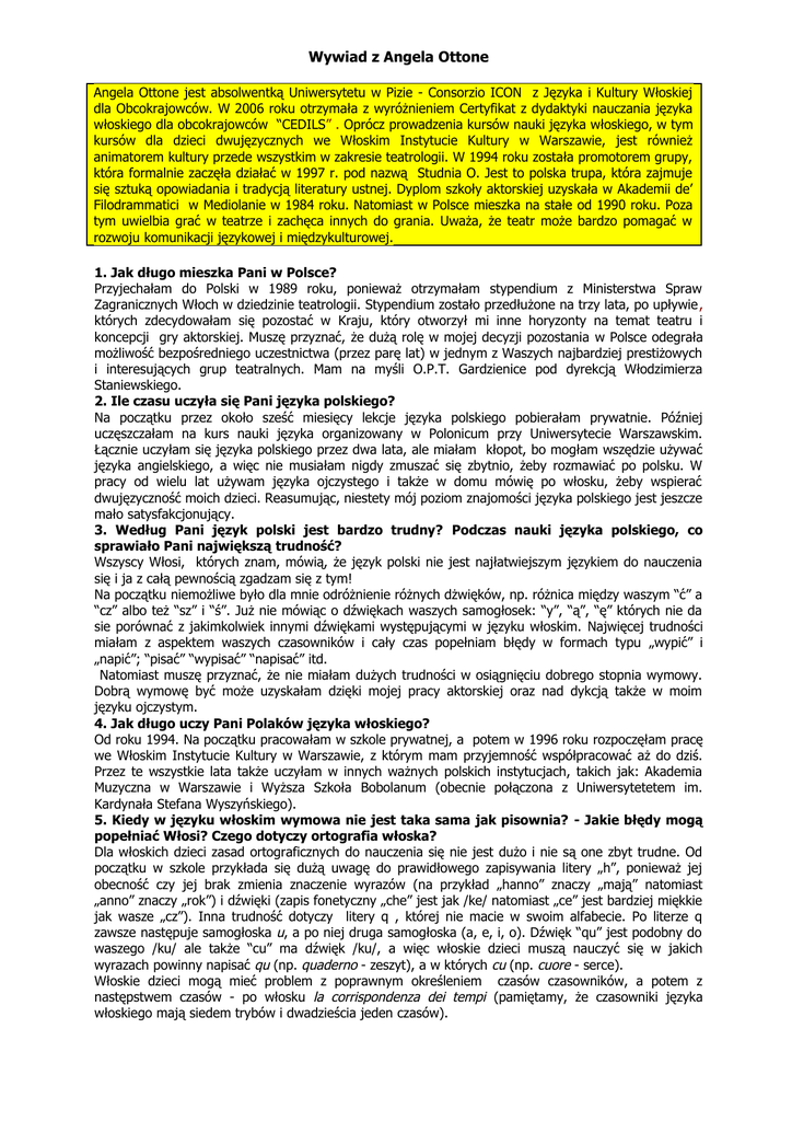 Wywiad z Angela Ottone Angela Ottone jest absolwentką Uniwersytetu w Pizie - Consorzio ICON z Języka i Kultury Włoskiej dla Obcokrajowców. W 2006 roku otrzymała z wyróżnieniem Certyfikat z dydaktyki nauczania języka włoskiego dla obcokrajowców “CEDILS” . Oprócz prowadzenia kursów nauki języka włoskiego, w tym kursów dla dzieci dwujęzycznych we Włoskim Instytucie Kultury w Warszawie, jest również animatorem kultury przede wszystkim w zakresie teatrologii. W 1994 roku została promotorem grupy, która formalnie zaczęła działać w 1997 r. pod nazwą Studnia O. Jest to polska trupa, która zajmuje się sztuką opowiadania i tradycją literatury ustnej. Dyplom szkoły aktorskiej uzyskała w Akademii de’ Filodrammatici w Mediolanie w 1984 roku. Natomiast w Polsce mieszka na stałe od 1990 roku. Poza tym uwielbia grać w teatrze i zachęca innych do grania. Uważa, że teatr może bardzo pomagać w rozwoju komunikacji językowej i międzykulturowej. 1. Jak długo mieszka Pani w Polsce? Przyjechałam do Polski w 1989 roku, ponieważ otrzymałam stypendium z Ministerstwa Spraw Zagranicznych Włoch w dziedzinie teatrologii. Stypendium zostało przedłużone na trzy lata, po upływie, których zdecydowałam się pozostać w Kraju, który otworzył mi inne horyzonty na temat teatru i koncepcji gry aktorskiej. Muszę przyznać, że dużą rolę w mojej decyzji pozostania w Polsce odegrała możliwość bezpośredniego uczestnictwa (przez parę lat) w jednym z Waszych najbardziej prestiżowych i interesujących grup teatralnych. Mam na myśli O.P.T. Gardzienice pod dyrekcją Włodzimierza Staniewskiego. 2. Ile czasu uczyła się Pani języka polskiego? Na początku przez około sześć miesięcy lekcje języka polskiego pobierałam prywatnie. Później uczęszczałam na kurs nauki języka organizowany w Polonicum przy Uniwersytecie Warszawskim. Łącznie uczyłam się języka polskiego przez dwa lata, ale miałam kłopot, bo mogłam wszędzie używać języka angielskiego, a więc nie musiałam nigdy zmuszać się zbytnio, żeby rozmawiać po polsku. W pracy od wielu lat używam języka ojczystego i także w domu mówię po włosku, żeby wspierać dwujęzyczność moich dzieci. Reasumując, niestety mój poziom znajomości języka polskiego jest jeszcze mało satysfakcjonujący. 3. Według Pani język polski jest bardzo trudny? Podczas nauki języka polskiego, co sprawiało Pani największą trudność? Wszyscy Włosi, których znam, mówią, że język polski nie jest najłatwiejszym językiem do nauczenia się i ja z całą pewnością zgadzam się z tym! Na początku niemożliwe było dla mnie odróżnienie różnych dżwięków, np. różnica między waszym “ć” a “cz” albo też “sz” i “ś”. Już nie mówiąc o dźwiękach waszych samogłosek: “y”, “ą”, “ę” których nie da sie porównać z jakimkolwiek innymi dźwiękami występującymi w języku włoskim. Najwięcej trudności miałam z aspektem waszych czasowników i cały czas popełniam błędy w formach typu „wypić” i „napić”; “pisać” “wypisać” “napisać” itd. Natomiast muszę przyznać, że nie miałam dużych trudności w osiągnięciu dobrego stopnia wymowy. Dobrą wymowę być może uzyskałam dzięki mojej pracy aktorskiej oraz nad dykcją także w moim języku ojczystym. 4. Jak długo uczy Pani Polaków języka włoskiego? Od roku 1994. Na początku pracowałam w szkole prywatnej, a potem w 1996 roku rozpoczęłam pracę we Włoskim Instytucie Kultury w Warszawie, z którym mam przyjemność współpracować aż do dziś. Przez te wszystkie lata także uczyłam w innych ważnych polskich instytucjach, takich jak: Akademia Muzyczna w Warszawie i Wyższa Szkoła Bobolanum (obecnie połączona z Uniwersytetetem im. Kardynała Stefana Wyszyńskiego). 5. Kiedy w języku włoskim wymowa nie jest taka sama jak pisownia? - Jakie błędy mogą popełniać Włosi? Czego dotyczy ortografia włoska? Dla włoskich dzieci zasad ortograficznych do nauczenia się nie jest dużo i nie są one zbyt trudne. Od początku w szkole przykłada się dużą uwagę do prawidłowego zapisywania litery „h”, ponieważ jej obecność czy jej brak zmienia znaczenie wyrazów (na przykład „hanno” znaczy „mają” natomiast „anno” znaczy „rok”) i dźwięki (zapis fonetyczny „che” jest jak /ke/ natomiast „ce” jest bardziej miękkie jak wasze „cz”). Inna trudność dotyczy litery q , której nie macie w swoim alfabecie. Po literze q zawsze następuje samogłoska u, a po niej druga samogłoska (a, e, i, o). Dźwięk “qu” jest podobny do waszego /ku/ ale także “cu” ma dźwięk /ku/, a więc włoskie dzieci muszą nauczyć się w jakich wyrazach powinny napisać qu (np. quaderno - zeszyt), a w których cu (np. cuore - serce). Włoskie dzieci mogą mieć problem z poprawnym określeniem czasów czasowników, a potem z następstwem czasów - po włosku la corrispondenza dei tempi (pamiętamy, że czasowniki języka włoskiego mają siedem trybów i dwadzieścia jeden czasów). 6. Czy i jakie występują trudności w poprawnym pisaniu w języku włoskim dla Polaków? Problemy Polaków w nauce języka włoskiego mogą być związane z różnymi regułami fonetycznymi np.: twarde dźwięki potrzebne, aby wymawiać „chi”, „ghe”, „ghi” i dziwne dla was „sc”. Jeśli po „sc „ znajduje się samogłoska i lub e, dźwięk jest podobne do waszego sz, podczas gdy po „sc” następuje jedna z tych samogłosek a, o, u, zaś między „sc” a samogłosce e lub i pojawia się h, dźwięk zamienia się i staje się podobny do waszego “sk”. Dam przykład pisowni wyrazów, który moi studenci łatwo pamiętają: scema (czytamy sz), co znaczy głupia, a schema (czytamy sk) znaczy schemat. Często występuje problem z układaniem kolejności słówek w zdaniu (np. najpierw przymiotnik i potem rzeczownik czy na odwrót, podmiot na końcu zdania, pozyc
-.-.-
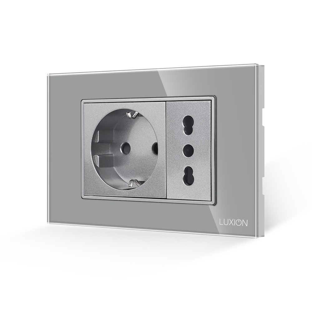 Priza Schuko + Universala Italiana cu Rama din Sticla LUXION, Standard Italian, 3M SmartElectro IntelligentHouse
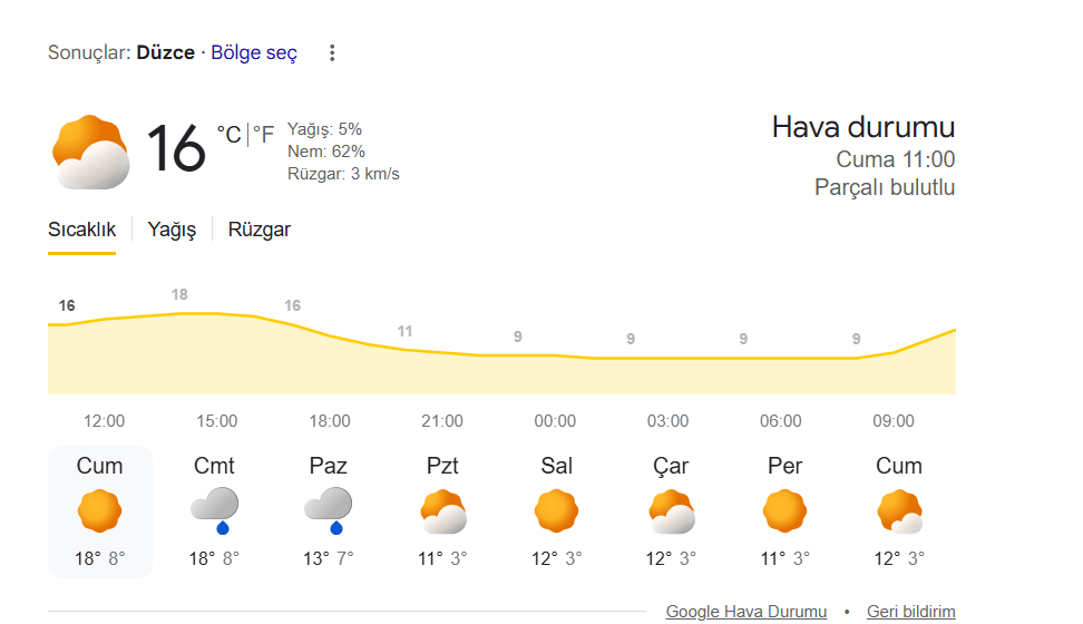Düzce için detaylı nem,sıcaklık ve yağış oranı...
-.-.-
▶ [EXERCISE]: The answer is the lines above from the one with "Priza Schuko +" to the one with "Düzce için detaylı", set down exactly, with no pictures.

▶ [EXPECTED ANSWER]:
 Priza Schuko + Universala Italiana cu Rama din Sticla LUXION, Standard Italian, 3M SmartElectro IntelligentHouse
Düzce için detaylı nem,sıcaklık ve yağış oranı...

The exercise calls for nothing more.